RECORDS FOR THE EXERCISE
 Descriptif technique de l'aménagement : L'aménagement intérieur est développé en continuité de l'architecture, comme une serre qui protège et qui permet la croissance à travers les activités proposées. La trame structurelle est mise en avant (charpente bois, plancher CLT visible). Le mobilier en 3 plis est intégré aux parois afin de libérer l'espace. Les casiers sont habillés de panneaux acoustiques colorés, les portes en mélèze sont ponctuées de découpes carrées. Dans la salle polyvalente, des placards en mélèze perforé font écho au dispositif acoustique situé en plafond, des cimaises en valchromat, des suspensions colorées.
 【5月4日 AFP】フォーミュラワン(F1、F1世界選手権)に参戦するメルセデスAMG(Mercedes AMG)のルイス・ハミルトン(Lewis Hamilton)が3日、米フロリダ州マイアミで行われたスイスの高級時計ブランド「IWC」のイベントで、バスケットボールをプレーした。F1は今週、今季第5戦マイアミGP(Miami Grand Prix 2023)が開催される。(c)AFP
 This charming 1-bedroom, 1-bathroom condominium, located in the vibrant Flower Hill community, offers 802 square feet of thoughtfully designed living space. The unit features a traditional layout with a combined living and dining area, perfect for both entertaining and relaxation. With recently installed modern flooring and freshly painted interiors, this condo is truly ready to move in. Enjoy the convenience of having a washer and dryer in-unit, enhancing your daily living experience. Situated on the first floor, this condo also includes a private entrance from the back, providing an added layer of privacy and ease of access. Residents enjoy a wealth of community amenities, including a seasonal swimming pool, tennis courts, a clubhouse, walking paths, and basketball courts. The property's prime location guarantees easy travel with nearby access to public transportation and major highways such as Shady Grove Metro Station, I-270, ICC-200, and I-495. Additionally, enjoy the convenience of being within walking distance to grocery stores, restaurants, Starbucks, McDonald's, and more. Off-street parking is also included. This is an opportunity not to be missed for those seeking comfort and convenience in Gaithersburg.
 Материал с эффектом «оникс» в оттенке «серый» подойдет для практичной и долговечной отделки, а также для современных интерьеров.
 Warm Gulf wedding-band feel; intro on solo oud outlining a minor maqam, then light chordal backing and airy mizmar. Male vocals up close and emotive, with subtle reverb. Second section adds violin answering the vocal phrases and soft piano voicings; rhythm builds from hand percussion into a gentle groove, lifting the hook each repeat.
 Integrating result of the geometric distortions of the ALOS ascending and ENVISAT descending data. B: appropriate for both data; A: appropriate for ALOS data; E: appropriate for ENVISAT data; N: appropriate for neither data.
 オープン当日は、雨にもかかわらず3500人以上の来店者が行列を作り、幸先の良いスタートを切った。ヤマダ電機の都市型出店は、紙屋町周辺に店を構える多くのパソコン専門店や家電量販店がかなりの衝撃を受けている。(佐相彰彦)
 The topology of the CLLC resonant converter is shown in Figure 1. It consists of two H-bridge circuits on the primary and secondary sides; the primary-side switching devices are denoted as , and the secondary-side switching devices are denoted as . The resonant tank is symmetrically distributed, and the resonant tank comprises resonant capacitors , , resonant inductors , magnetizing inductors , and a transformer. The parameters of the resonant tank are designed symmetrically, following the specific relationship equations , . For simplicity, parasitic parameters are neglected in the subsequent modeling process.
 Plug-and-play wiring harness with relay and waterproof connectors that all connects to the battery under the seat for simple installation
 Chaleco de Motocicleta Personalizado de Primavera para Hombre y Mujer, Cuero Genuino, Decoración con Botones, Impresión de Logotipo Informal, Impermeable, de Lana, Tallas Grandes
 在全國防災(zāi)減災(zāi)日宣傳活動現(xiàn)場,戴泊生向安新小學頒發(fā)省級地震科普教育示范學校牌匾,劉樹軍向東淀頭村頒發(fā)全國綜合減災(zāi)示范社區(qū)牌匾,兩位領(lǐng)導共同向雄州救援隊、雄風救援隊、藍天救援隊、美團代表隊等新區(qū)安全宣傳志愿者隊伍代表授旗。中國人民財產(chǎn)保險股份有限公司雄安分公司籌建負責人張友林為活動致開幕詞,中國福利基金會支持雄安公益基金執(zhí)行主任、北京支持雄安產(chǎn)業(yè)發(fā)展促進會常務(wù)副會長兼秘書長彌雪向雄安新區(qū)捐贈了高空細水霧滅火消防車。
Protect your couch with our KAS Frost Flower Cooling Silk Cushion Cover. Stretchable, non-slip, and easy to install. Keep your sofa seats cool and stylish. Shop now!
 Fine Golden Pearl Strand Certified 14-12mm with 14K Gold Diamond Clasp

EXERCISE OBJECTIVE
Begin with the first line of the records and reproduce each line as is, ending with the line that holds "Grand Prix 2023)が開催される。(c)AFP".

WRITTEN SOLUTION
 Descriptif technique de l'aménagement : L'aménagement intérieur est développé en continuité de l'architecture, comme une serre qui protège et qui permet la croissance à travers les activités proposées. La trame structurelle est mise en avant (charpente bois, plancher CLT visible). Le mobilier en 3 plis est intégré aux parois afin de libérer l'espace. Les casiers sont habillés de panneaux acoustiques colorés, les portes en mélèze sont ponctuées de découpes carrées. Dans la salle polyvalente, des placards en mélèze perforé font écho au dispositif acoustique situé en plafond, des cimaises en valchromat, des suspensions colorées.
 【5月4日 AFP】フォーミュラワン(F1、F1世界選手権)に参戦するメルセデスAMG(Mercedes AMG)のルイス・ハミルトン(Lewis Hamilton)が3日、米フロリダ州マイアミで行われたスイスの高級時計ブランド「IWC」のイベントで、バスケットボールをプレーした。F1は今週、今季第5戦マイアミGP(Miami Grand Prix 2023)が開催される。(c)AFP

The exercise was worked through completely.